The backtracking approach can be grossly inefficient and may have exponential run-time. A more efficient robot should be able to clone itself and merge together several clones when it is necessary. Whenever the robot has a choice where to move, it clones itself and moves to all possible target floors. However, if several clones meet at the same floor, they merge together. In other words, we have a “Schrodinger” robot that is present on several floors at the same time! Surprisingly enough, this interpretation is often challenged by people, who believe that it does not truly represent the phenomenon of the non-deterministic robot/automaton. Yet, it does and, in fact, this representation is very appealing from the computational perspective. To implement this approach, one should keep a set of floors, where the robot is present. This set of floors corresponds to active states of the non-deterministic automaton.
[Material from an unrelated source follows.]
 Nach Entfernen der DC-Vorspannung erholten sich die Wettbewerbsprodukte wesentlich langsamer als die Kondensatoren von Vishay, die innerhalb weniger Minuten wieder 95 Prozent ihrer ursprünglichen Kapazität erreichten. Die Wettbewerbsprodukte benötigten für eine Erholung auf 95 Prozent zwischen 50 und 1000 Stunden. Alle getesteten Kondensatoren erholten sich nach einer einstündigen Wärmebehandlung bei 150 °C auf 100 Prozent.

On receiving the next command/symbol, we go over these floors and compute a set of legitimate target floors (where the robot can move to). Then, we simply merge these sets and obtain a new set of active floors (occupied by our Schrodinger robot).
This method was obvious to Ken Thompson in 1960s, but not obvious to the implementers of the backtracking approach in Perl and other languages. I reiterate that classic regular expressions are always equivalent to automata and vice versa. However, there are certain extensions that are not. In particular, regular expressions with backreferences cannot be generally represented by automata. Oftentimes, if a regular expression contains backreferences, the potentially inefficient backtracking approach is the only way to go. However, in most cases regular expressions do not have backreferences, and can be efficiently processed by a simulation of the non-deterministic finite state automaton. The whole process can be made even more efficient through partial or complete determinization.
Edited by Anna Belova
Comments
Perhaps you would be interested to look at redgrep, a new regular expression engine from Google: http://mirror.linux.org.au/linux.conf.au/2013/mp4/redgrep_from_regular_expression_derivatives_to_LLVM.mp4
redgrep at Google Code:
http://code.google.com/p/redgrep/
Thanks! Stashed the link. How does it compare to RE2?
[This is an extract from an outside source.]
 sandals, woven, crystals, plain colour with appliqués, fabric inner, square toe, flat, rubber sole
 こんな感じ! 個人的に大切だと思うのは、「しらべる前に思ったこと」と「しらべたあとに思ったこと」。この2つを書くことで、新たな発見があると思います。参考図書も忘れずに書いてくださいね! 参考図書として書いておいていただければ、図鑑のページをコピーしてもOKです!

It depends on regular expression. In some cases redgrep is faster, while RE2 beats it in others.
If I understand correctly, redgrep is 100% DFA. Similar to Yandex's PIRE. So, it is not surprising that they beat RE2, which is only partial, on-the-fly, DFA. RE2 should be able to work with less memory.
re2 is not 100% DFA, because (they claim) 100% DFA is not always faster, due to cache misses.
Hi Elazar, thank you for stopping by. Yes, I believe it's a lazy DFA, which is constructed on the fly. I guess that a true DFA can beat it in many cases, but RE2 would use less memory. It would still be useful, if there is not enough memory to construct the complete DFA.